I learned to open my mouth and say what I needed, wanted, and didn't need. I used to allow people to give me the bare minimum. I used to allow people to come and go as they pleased into my life. Not anymore, it's on me to make sure my love isn't in vain. I learned my worth and if my worth threatened you or made you move funny, you were cut. SIMPLE!
I learned that you can't please em all. While I would love to see a smile on everyone's face that I reach and I know that's not realistic. Everyone won't love or understand you. Everyone's not meant to. When we started searching for acceptance from other people we've lost the race before we begin.
I learned that my thirties started the grey hair, body aches and etc. LOL, this is self-explanatory but guess what I'm fine with that because while my twenties was something else I still enjoyed a good turn up during them.
I learned to experience different things aside from myself. I'm into crystals, sage, meditation, and oracle cards. Might be weird to others but I'm unapologetic about a lot these days and this practice is one of them. I meditate, pray, pull a card for deeper understanding, and still play gospel music. A conundrum to some is a simple stay out my way now. Live and let Live! I'm into it so much that I created a t-shirt line for it. Check it out here: www.authorcmonet.com/shop!

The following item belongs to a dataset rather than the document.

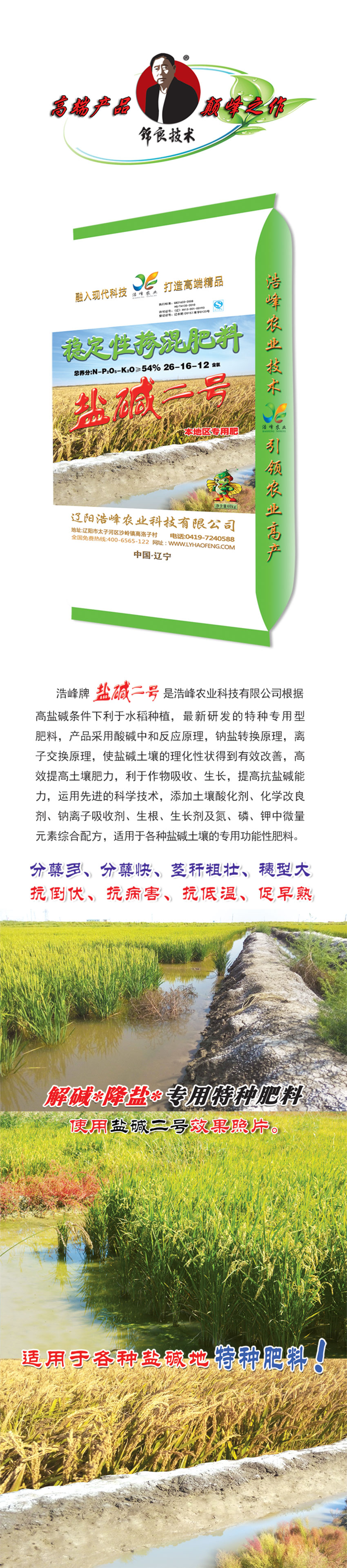 浩峰牌鹽堿二號(hào)是浩峰農(nóng)業(yè)科技有限公司根據(jù)高鹽堿條件下利于水稻種植,最新研發(fā)的特種專用型肥料,產(chǎn)品采用酸堿中和反應(yīng)原理,鈉鹽轉(zhuǎn)換原理,離子交換原理,使鹽堿土壤的理化性狀得到有效改善,高效提高土壤肥力,利于作物吸收、生長(zhǎng),提高抗鹽堿能力,運(yùn)用先進(jìn)的科學(xué)?,添加土壤藥F?、化学改良剂、脑u(píng)胱游占?、生根、生长剂及氮、磷、钾中微量元素综簢樹穭Μ室暶釉嶗种盐煎{寥賴淖ㄓ霉δ芐苑柿稀?

So while you ask what this has to do with my authorship, I would say that it might not but for me it does. I used everything I experienced whether it was good or bad in my stories. While one of my female characters may seem weak, understand that she was me. While another may be blossoming a little too quickly understand that she was me. While one character me be on some Megan thee Stallion type stuff understand that she was me. While one's heart may be hardened beyond belief understand that she was me.
Sometimes we give the female characters a hard time but I believe if we all remembered how human we are and how someone's story isn't just for entertainment it's for healing, we would be able to cut the female leads some slack. I was never really a cry baby but please believe me when I say that at one point in my life I needed understanding, love, and someone to cut me some slack. I DID and sometimes still do. Grace shouldn't be hard. And this isn't about me telling you what to enjoy or how to digest I ask that you remember the stories we share are just that, something we share.
While this is about me, it's also about my fellow authors that have and will take a hit for sharing a part of their life that they didn't think they'd make it through. You shared it and healed from it. Rejoice and be unapologetic about it. Because baby, you made it through.
If you'd like to share what your twenties or maybe thirties taught you, please do. But understand you may end in a story!